= December 1963 Greater Anchorage Borough election =

The 1963 Greater Anchorage Borough election was an incorporation election for the borough government in Anchorage, Alaska. It was held on December 3, 1963. 6,597 ballots were cast.

==Background==
In a September 24, 1963 election, the Greater Anchorage region had rejected incorporating as a borough. During this election, George Byer (former City of Anchorage mayor) had won an election to serve as borough chairman if such an office were to have been created by concurrent referendums.

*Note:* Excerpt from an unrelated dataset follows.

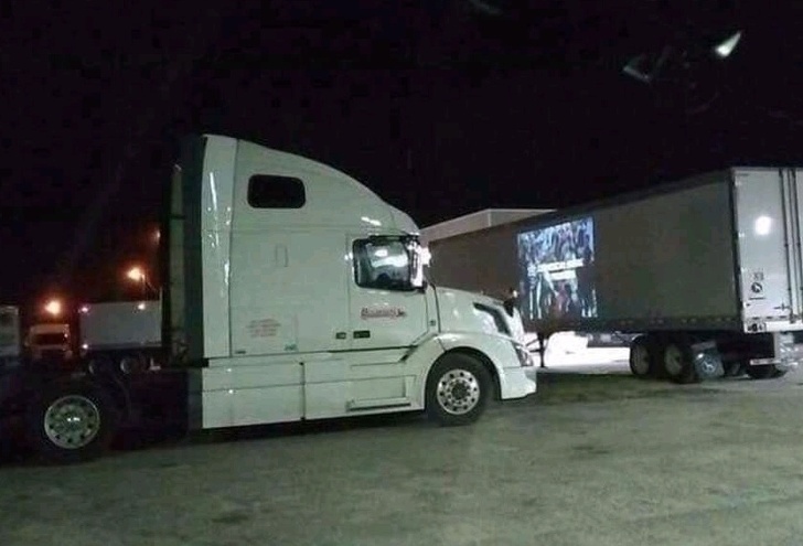 7. In the middle of the week during winter, it’s not easy being a truck driver... unless you create your own drive-in theater!

The state legislature mandated that former election districts would be reconstituted as boroughs on January 1, 1964, and that mandatory balloting would take place to select what form of government the boroughs would adopt, which classification of borough they would be incorporated as, and who would serve as elected officers for their governments. In December 1963, mandatory incorporation elections were held three so-called "mandatory" boroughs in South-Central Alaska: Anchorage, Kenai Peninsula, and Matanuska. A similar election was also held in the new Fairbanks borough.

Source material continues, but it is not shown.